Co-Chairs

Astrid Bracher
Alfred Wegener Institute, Germany
Astrid.Bracher@awi.de

Jeremy Werdell
NASA Goddard Space Flight Center, USA
jeremy.werdell@nasa.gov

Lisl Lain,
Council for Scientific and Industrial Research (CSIR), South Africa
ELain@csir.co.za

Documents

Background

Following a recommendation from an IOCS-2019 breakout workshop, and after a series of discussions at IOCCG Committee meetings between 2019-2022, the IOCCG put forth an action to form a task force dealing with hyperspectral remote sensing of the ocean. The focus of the task force would be on creating a quantitative guide to hyperspectral radiometry as compared to multispectral, examining the science application and mission development of hyperspectral radiometry, and grounding theoretical analysis of hyperspectral data in reality of what is possible from space-based instruments and resources.
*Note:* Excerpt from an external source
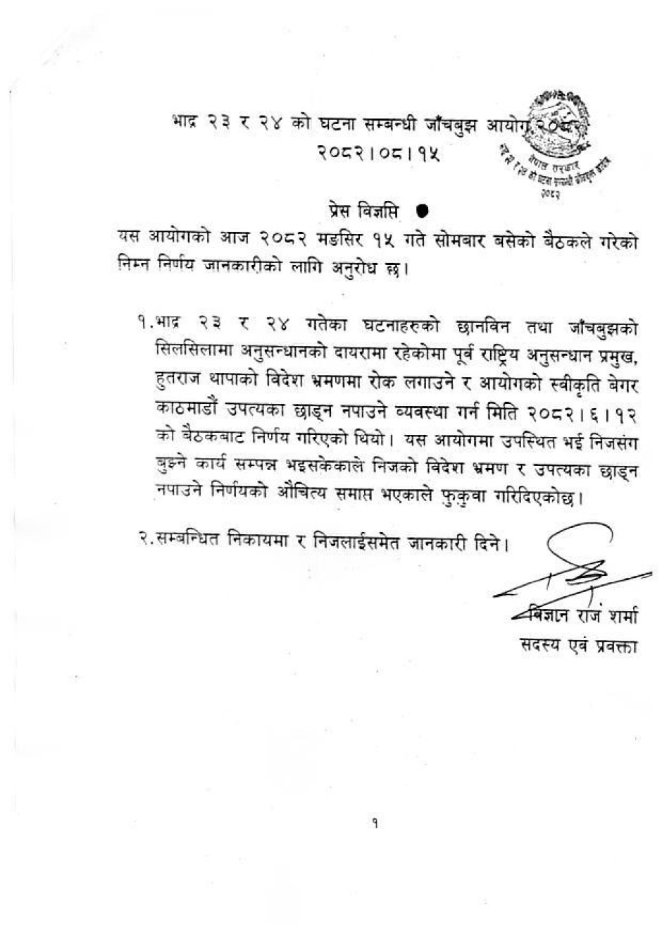 भाद्र २३ र २४ को घटना सम्बन्धी जाँचबुझ आयोग २०८२ | विज्ञप्ति

The chairs of the task force were suggested and invited by the IOCCG, and the task force was established in March 2023.

Members

Amir Ibrahim, NASA Goddard, USA
Ana Dogliotti, IAFE-NSTRC, Argentina
Arnold Dekker, CSIRO, Australia
Chuanmin Hu, University of South Florida, USA
Claudia Giardino, CNR, Italy
Emanuele Organelli, CNR, Italy
Fang Shen, ECNU, China
Malik Chami, CNRS/Univ. Sorbonne, France
Maycira Costa, University of Victoria, Canada
Michelle Gierach, JPL, USA
Shaoling Shang, Xiamen University, China
Toru Hirawake, National Institute of Polar Research, Japan
Wonkook Kim, Pusan National University, Korea

Terms of Reference

The rationale for this task force is to assess the efforts that have been done and identify the strategies for the upcoming years in the area of hyperspectral aquatic remote sensing, so that our community can prepare most efficiently and our efforts be focused on the identified gaps. By gathering international specialists of various relevant expertise we will summarize the state-of-the art and the remaining challenges. The guiding questions to be addressed with the proposed TF on Hyperspectral Remote Sensing:

  • What are the pressing science questions globally and regionally, for which hyperspectral remote sensing may allow progress where multi spectral remote sensing has reached its limit?
  • What are the constraints on hyperspectral remote sensing in addressing these questions? (This includes limitations in terms of spatial and temporal resolution, signal-to-noise, calibration/validation of hyperspectral data and so on).

More specifically, the TF will focus initially on the following four questions, all prefaced by the overarching contextual question:

Preface: What are the primary current ecological/applied science questions in the field of aquatic remote sensing, across geographic scales and domains?

  1. What is the current status of, and what are the limitations of, aircraft and satellite hyperspectral remote sensing?
  2. What progress has been made towards Q1 with multi-spectral satellite and/or in situ hyperspectral remote sensing, and where are the gaps?
  3. What further progress towards these questions may be gained from hyperspectral (especially satellite) remote sensing?
  4. What is the current status of atmospheric correction, approaches to cal/val, approaches to uncertainty characterisation and databases available for validation of radiometric or constituent data products What are the current gaps?